When $b<0$ we need complex number and notably the imaginary unit defined by $i=\sqrt{-1}$, then we have

$$a^2= b=-1 \cdot (-b) \implies a=\pm i \sqrt {(-b)} $$

For a quadratic equation in the form $ax^2+bx+c=0$ or, more in general, for a polynomial equation $p_n(x)=0$ by the FTA, we always can find $n$ solutions in the complex field (counted with multiplicity).

Answer 3

Here is another (in my opinion) interesting approach to your question. However, I'm not sure if you're already familiar with this, so my answer might be underwhelming.
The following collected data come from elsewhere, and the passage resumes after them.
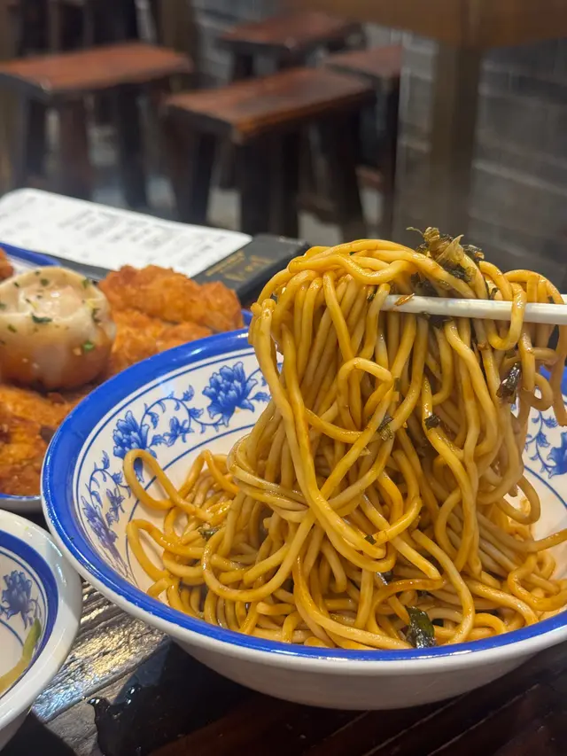 。雞湯小餛飩,湯底用老雞熬制,金黃清澈,飲一啖就知冇加味精,鮮甜到不得了。餛飩皮薄如紙,入面嘅豬肉餡嫩滑入味,每粒都包得均勻,一啖一粒啱啱好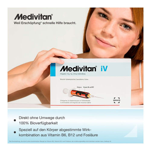 Medivitan iV Fertigspritze. Anwendungsgebiete: Kombinierter Mangel an Vitamin B6, Vitamin B12 und Folsäure bei Erwachsenen, der ernährungsmäßig nicht behoben werden kann. Warnhinweis: Enthält Natrium.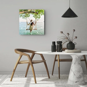 Relógio de parede - Relógio em vidro - Mulher em um balanço à beira-mar em um cenário de verão - 30x30cm - A vida é bela - Decoração de parede moderna para a sala de estar, cozinha e quarto ARTTOR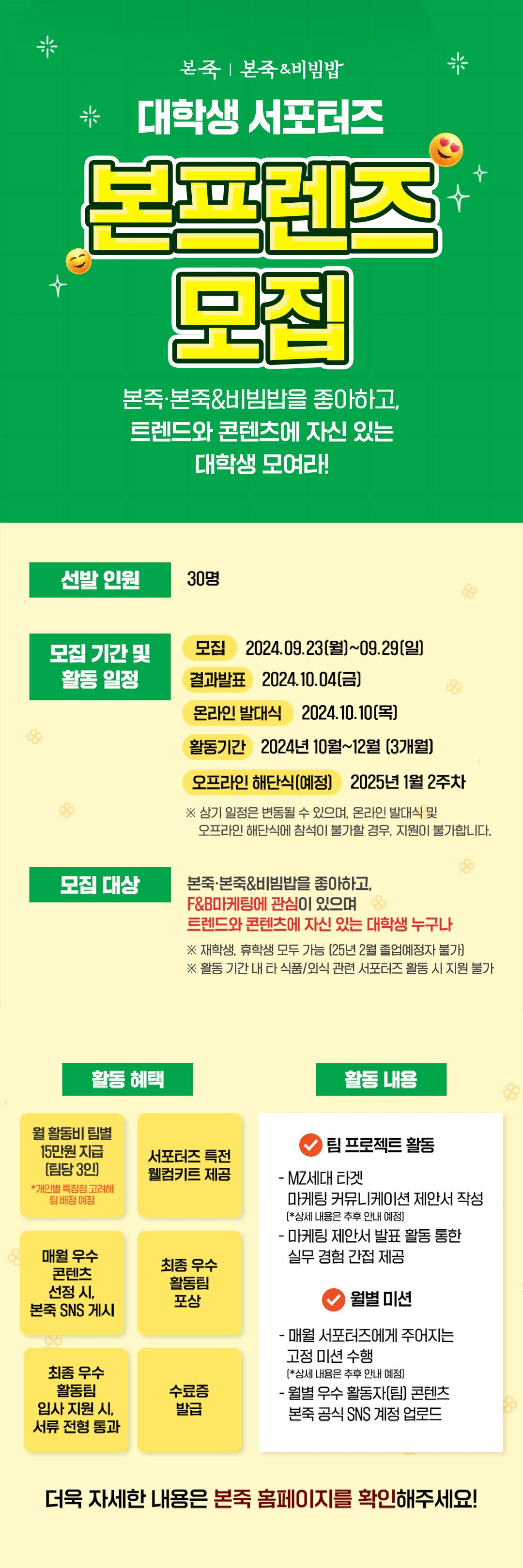 • 본죽·본죽&비빔밥을 좋아하고, F&B마케팅에 관심이 있으며 트렌드와 콘텐츠에 자신 있는 대학생 누구나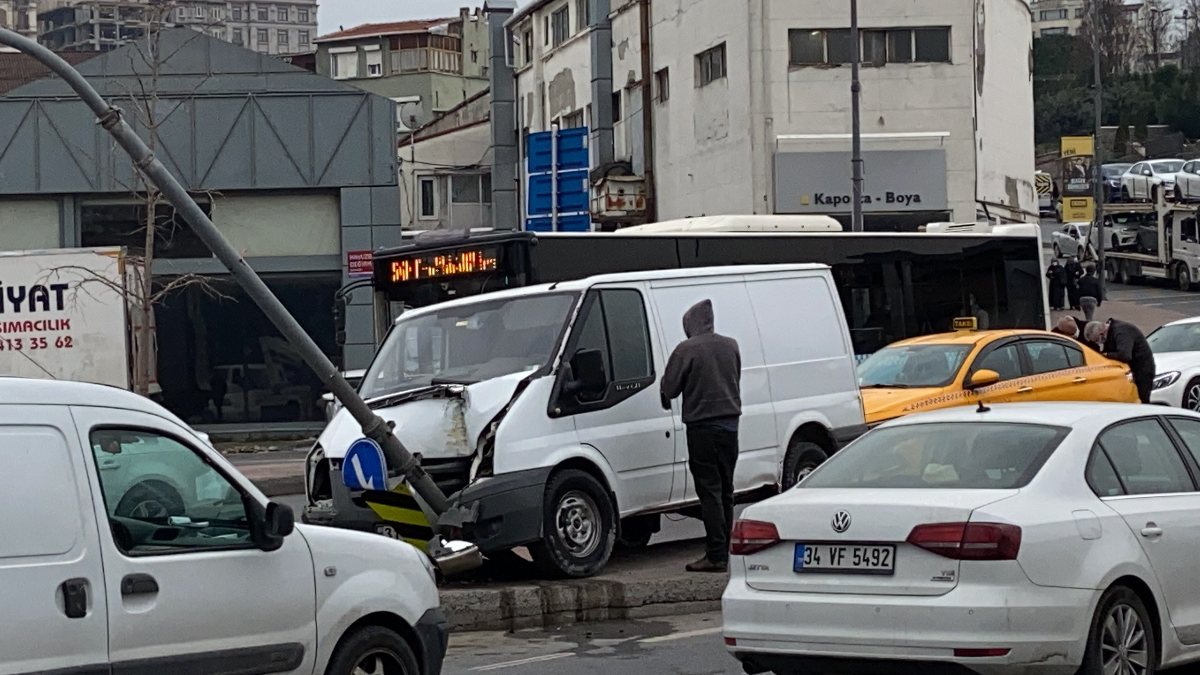 Beyoğlu'nda minibüs, direğe çarparak durabildi VİDEO

In your question you made it sound like $a$ has exactly two square roots if $a^2=b$, namely $\sqrt{b}$ and $-\sqrt{b}$. The following just illustrates that this isn't always the case:

Let $A \in \mathbb{R}^{n\times n}$ be a positive semi-definite matrix. Then it can be shown that there exists exactly one other positive semi-definite matrix $B \in \mathbb{R}^{n\times n}$, such that $A=B^2$, i.e. $B$ is a square root of $A$, and often times one writes $B = A^{\frac12}$. For example, you can check that $$ A := \begin{pmatrix} 5&4\\ 4&5 \end{pmatrix} \implies A^{\frac12}= \begin{pmatrix} 2&1\\ 1&2 \end{pmatrix} $$ and that these matrices are indeed positive semi-definite. Of course, as in the case of real numbers, if $B$ is a root of $A$, then so is $-B$. However, it is possible for matrices to have more than two roots. More so, the identity matrix $I_2 \in \mathbb{R}^{2\times2}$ has infinitely many complex roots, namely for example $$ I_2 = \begin{pmatrix} 1&0\\ 0&1 \end{pmatrix} = \begin{pmatrix} 1&z\\ 0&-1 \end{pmatrix}^2, $$ for all $z \in \mathbb{C}$. Moreover, there are also matrices that have no roots, such as $$ A= \begin{pmatrix} 0&1\\ 0&0 \end{pmatrix}. $$ Showing that this matrix indeed has no roots is a nice short exercise.

I hope this was helpful in some way!